Excerpts from article originally posted May 26, 2017 | Scott LaFee and Heather Buschman, PhD in Newsroom

Robert Naviaux, MD PhDIn a small, randomized Phase I/II clinical trial (SAT1), researchers at University of California San Diego School of Medicine say a 100-year-old drug called suramin, originally developed to treat African sleeping sickness, was safely administered to children with autism spectrum disorder (ASD), who subsequently displayed measurable, but transient, improvement in core symptoms of autism.
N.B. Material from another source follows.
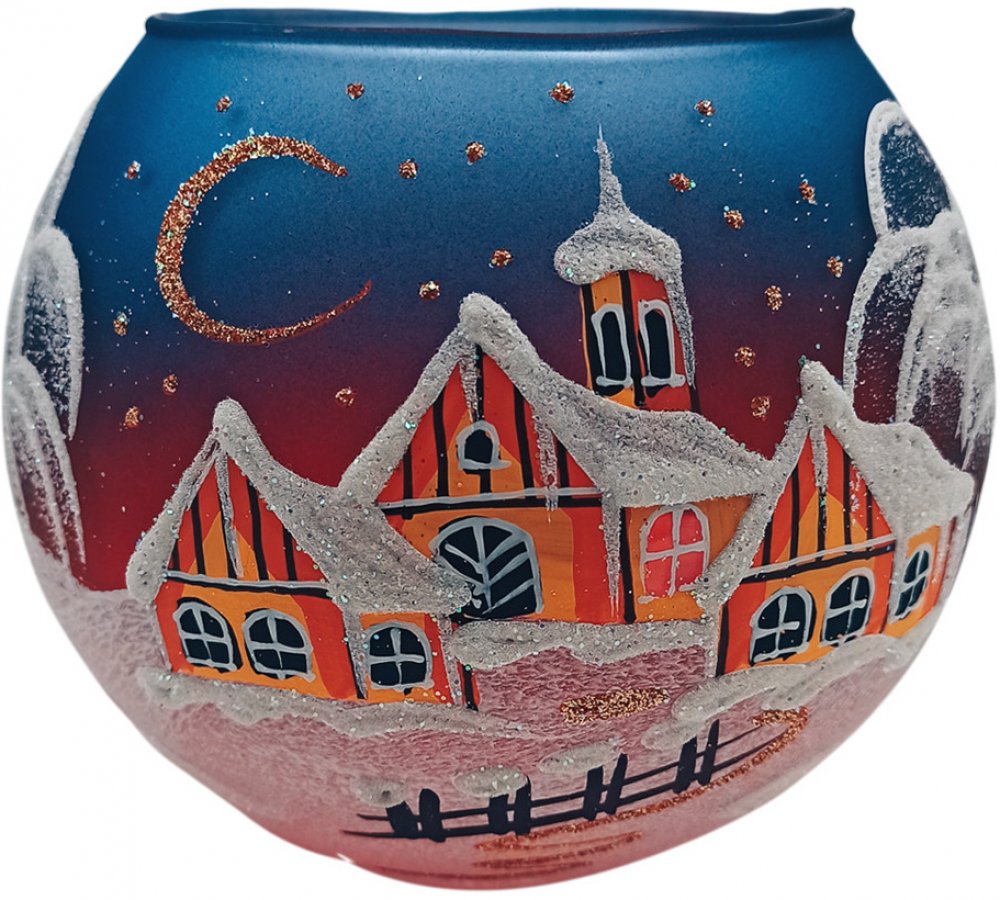 Skleněné akvárium na svíčku ručně malované s motivem zasněžené chaloupky. Průměr je 12 cm. Vhodný na čajovou svíčku.

“The purpose of CDR is to help protect the cell and jump-start the healing process,” said Naviaux, by essentially causing the cell to harden its membranes, cease interaction with neighbors and withdraw within itself until the danger has passed.

“But sometimes CDR gets stuck,” Naviaux said. “This prevents completion of the natural healing cycle and can permanently alter the way the cell responds to the world. When this happens, cells behave as if they are still injured or in imminent danger, even though the original cause of the injury or threat has passed.”

At the molecular level, cellular homeostasis or equilibrium is altered, creating an abnormal cellular response that leads to chronic disease. “When this happens during early child development,” said Naviaux, “it causes autism and many other chronic childhood disorders.”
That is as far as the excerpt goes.